The power operator in bash is **

bash 中的幂运算符是 **

Example:

例子：

echo $((2 ** 4))
16

It is worth pointing out that you'd observe overflow when the result starts to exceed LONG_MAX:

值得指出的是，当结果开始超过时，您会观察到溢出LONG_MAX：

$ echo $((2**62))
4611686018427387904
$ echo $((2**63 - 1))
9223372036854775807
$ echo $((2**63))
-9223372036854775808

(Observe the result when the value exceeds 2⁶³-1)

（观察值超过2 ⁶³-1时的结果）

You might instead want to use something that allows arbitrary precision arithmetic since you might hit that limit rather fast if computing powers. For example, you could use bc(and it'd let you use ^too!):

您可能想要使用允许任意精度算术的东西，因为如果计算能力您可能会很快达到该限制。例如，您可以使用bc（它也可以让您使用^！）：

$ bc <<< 2^63
9223372036854775808
$ bc <<< 2^128
340282366920938463463374607431768211456
$ BC_LINE_LENGTH=0 bc <<< 2^1024
179769313486231590772930519078902473361797697894230657273430081157732675805500963132708477322407536021120113879871393357658789768814416622492847430639474124377767893424865485276302219601246094119453082952085005768838150682342462881473913110540827237163350510684586298239947245938479716304835356329624224137216

Just for fun you can also use bitwise shifts (of course this only works for a base that is a power of a power of 2):

只是为了好玩，您还可以使用按位移位（当然这仅适用于 2 的幂的基数）：

echo $((1<<))

Make sure you read devnull's caveat about overflows.

请务必阅读 devnull 关于溢出的警告。

The other answers are entirely correct, and if you are working with integer values represent the best way to do this kind of calculation. But it is worth noting that basharithmetic does not deal with non-integer values.

其他答案完全正确，如果您使用整数值，则代表进行此类计算的最佳方法。但值得注意的是，bash算法不处理非整数值。

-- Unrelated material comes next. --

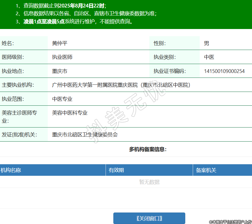姓名:黃仲平性別:男醫(yī)師級別:執(zhí)業(yè)醫(yī)師執(zhí)業(yè)類別:中醫(yī)執(zhí)業(yè)地點:重慶市執(zhí)業(yè)證書編碼:141500109000254主要執(zhí)業(yè)機構(gòu):廣州中醫(yī)藥大學第一附屬醫(yī)院重慶醫(yī)院(重慶市北碚區(qū)中醫(yī)院)執(zhí)業(yè)范圍:中醫(yī)專業(yè)美容主診醫(yī)師專業(yè):美容中醫(yī)科專業(yè)發(fā)證(批準)機關(guān):重慶市北碚區(qū)衛(wèi)生健康委員會 -

If you require non-integer arithmetic like this, you can use the bcutility. e.g if you need to take the 3rd power of 2.5, you can do this:

如果您需要像这样的非整数算术，则可以使用该bc实用程序。例如，如果您需要取 2.5 的 3 次方，您可以这样做：

$ bc <<< "scale=10; 2.5 ^ 3"
15.625
$ 

Note setting the scalebuiltin variable sets the number of decimal places calculations should be given in.

注意设置scale内置变量设置计算应给出的小数位数。